У Елизара опять холодно стало под сердцем, до того яркие, изумрудные, глубокие были у нее глаза. А волосы — золотая кудель. И не пудренные, просто свитые в длинные, тугие косы. Эх, обнял бы,

да прижал к сердцу. Но костлявый Огарков впился, как клещ, дергал за локоть.

— Сядь, сядь, на то стулец дан. Ишь, каки прытки! Ты сначала домой отпиши, получи благословение батюшки да матушки. И Анютке надо из их веры в нашу переходить, тогда и свадьбу сыграем. Ох, молодежь, все-то вам объясняй да разъясняй…

… В тот день у Талызиных были затеяны пироги. Сам Никита Васильевич особо любил пироги с горохом: и сытно, и удобно… Возьмешь с собой на работу, сядешь в сторонке, да и перекусишь. И вкусно и чисто — никакой лишней сырости.

Вечером в талызинской поварне дядя и племянник сели в сторонке разобраться с кое-какими делами, да «Куранты» почитать.

Пока Никита Василич считал что-то, Елизар «Курантов» не раскрывал, глядел, как стряпуха сажает в печь противни. И что-то больно зорко глядел. Кухарь какой нашелся. Потом он вдруг встал и тихонько подошел к самой печи.

— Что я тебя хочу спросить, Пелагеюшка, — каким-то особенным голосом заговорил он. — Как это так? Вот ты при мне давеча горох в горшок засыпала… Сам я видел — маловато, полгоршка не было? Так откуда же его теперь чуть не до верху стало? . .

Стряпуха только плечами повела — чудаки эти мужчины.

— А конечно дело… Сыпать надо знаючи. Насыпала б по плечики, он бы от воды разбух и верхом бы пошел; да еще как бы горшок не разорвало.
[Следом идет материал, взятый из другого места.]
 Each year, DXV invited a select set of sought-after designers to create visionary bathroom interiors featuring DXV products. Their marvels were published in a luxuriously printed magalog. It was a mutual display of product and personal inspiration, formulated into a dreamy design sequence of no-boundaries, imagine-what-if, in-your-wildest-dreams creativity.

Талызин скинул с носа очки. Он услышал, как Елизар не то поскользнулся, не то споткнулся и громко охнул.

— Елизарка, ты чего?

Инженер-генерал даже с табуретки привстал: племянник стоял — не пойми, не то с перепугу, не то от радости бледный. Зубы у него стучали.
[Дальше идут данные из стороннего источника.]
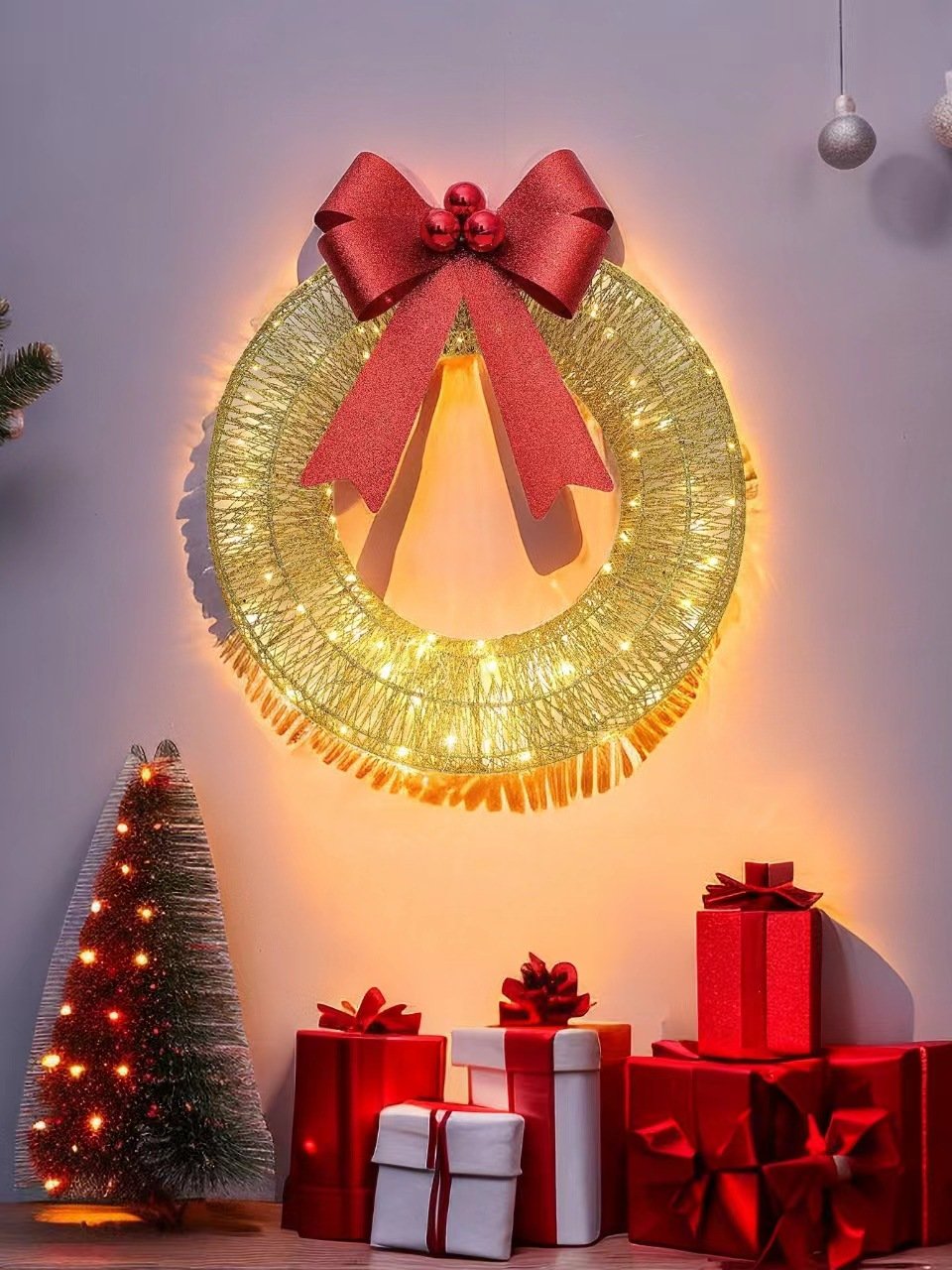ILLUMINATION & DECORATION: Decorated -listed LED warm white lights, the Christmas outdoor light decor illuminate your backyard and surrounding area with a dazzling festive glow. Besides, featuring with tinsel and sequin on surface, together with a red bow, our lighted wreath is also much attractive in day time.

— Дядя! — как в ознобе, но с торжеством заговорил он. — Я теперь все понял! Я морского беса, которого мне иезуиты в трюм подложили, поймал. Вот он… — И дрожащим перстом Елизар показал на горшок с горохом.

И тут инженер-генерал охнул в свою очередь:

— Ах ты… Надо же! Вот это да!!!

Все дивились: Никита Талызин ни с того ни с сего вздумал звать гостей. Кажись, и поводу нет: ни тебе праздника, ни тебе дня ангела. Сам лично ездил приглашать Питерсбурхского генерал-губер- натора, Меншикова Александра Даниловича. Часто виделись по делу, обо всем толковали запросто, а тут битый час пришлось проторчать в передней горнице, ждать. Александр Данилович милостиво обещался…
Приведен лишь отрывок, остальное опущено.